Un istante, si trattò solo di un istante. Camilla riuscì a vedere la propria madre dietro quegli occhi gonfi e quell’espressione esasperata. Poi tutto si sciolse come neve al sole. «Sì. Ne ho uno.»
«Proverò ad esaudirlo.»
«Voglio parlare con mio fratello. Chiunque egli sia ora.»
«Camilla. Tuo fratello ora… io l’ho cancellato. Ricorda solo la promessa. È… è un guscio vuoto… ti farebbe solo male…»
«Beh» disse Camilla «non farà più male di morire.»
 
Qualunque cosa si provasse a morire, Camilla aveva torto. Guardare Marco ridotto in quello stato era decisamente peggio di morire, sempre che Marco si potesse ancora chiamare. Il ragazzino che una volta era stato suo fratello non c’era più, Camilla lo sapeva. Non c’era più, di lui era rimasta solo l’ombra nascosta pavidamente dietro ad una promessa che avrebbe ricordato per sempre, che doveva ricordare per sempre, la promessa per cui era nato. Fuori le stelle splendevano nel cielo, ma non c’era più quel ragazzo, sempre con quell’insolita promessa in testa e nient’altro con sé, c’erano i suoi occhi gelidi ma in essi non c’era più la solita luce vivida, perché spenta dal dolore, c’era solo il silenzio nella stanza, anche quello portato via dai passi di Alice che si muoveva lentamente per arrivare davanti al ragazzo che una volta era il silenzio stesso. Eppure Camilla si comportò da bambina, perché aveva paura e perché per qualche istante voleva smettere di essere grande, perché stava per morire e perché se lo meritava, doveva credere di meritarselo, lei, una bambina, aveva fatto quanto molti adulti prima di lei erano stati troppo spaventati per fare. Perché, in fondo, quando si ha paura, tutti diventano bambini di nove anni e alcuni credono persino di poterselo permettere, senza aver lottato.

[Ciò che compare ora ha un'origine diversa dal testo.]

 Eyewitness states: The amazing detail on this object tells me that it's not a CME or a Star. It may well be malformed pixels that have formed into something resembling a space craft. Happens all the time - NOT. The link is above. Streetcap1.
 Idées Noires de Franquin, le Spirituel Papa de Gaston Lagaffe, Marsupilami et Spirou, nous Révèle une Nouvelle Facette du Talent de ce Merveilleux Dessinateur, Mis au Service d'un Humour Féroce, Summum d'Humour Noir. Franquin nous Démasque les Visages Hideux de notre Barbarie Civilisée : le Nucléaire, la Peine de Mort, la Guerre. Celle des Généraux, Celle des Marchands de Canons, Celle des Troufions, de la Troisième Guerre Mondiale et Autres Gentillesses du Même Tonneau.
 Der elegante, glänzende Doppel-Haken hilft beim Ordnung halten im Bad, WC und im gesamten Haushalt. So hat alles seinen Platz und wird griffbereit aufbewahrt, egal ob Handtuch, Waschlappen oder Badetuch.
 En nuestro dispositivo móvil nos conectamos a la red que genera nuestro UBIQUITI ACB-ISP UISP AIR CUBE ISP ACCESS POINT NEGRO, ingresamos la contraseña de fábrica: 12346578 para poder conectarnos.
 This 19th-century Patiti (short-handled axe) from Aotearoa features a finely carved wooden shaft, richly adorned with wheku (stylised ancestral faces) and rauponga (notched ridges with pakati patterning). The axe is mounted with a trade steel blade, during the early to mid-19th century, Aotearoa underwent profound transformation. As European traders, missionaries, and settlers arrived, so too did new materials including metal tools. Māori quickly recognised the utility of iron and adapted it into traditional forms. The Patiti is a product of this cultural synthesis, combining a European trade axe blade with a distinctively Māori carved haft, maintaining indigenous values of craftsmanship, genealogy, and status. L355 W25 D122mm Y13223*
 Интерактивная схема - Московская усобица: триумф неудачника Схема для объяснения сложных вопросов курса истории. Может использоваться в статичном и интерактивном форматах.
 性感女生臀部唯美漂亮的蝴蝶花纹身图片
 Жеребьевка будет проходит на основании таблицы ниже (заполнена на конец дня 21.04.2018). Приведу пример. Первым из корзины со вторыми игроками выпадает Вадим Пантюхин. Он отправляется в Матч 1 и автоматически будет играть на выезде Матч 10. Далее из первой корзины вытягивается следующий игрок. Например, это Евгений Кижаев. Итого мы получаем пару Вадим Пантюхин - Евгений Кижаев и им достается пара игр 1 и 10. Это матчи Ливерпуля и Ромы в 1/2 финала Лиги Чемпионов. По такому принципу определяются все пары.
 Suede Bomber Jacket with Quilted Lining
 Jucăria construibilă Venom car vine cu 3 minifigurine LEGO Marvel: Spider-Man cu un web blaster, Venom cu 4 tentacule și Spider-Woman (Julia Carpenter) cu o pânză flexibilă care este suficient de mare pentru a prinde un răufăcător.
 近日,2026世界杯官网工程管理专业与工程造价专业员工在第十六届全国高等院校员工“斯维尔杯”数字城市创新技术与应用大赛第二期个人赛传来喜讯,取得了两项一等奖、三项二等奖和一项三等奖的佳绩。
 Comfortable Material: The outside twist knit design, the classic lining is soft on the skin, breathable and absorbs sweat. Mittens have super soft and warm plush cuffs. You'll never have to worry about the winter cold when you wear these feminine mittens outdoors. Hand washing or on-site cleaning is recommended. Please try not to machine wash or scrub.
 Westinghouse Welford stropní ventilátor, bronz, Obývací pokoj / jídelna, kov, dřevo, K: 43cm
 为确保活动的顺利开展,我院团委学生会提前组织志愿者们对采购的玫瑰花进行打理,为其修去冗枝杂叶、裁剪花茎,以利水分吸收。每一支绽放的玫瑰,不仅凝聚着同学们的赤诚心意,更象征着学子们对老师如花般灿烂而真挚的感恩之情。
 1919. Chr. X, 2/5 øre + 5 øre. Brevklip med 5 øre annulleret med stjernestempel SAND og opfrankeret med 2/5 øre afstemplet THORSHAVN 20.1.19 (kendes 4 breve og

Lei se lo meritava, meritava di aver paura, perché comunque rimaneva coraggiosa, doveva credere di esserlo, nonostante tutto, nonostante avesse oramai accettato il suo crudele destino. Abbracciò il ragazzino sulla sedia, e lui la guardò stranito chiedendo chi lei fosse, non che gli importasse più di tanto, quando non sapeva neanche chi fosse lui. Camilla non rispose e continuò a tenerlo stretto tra le sue braccia, come se non volesse mai più lasciarlo andare, anche se non era più una delle tante persone che aveva conosciuto: non era più Marco, suo fratello, Stelle, un ragazzo con mille storie da raccontare o Silenzio, un amico strampalato che voleva solo trovare la sua Luna, lui era solo un ragazzino spaventato su una sedia, un’ombra di tutte quelle persone. Eppure, eppure quell’ombra avrebbe dovuto fare quanto tutti i Lunari non erano riusciti a fare, avrebbe dovuto riuscire dove lei, una persona che aveva meritato di aver paura, aveva fallito. Altrimenti sarebbe tutto stato vano, altrimenti tutto sarebbe andato perso, tra stelle e silenzio.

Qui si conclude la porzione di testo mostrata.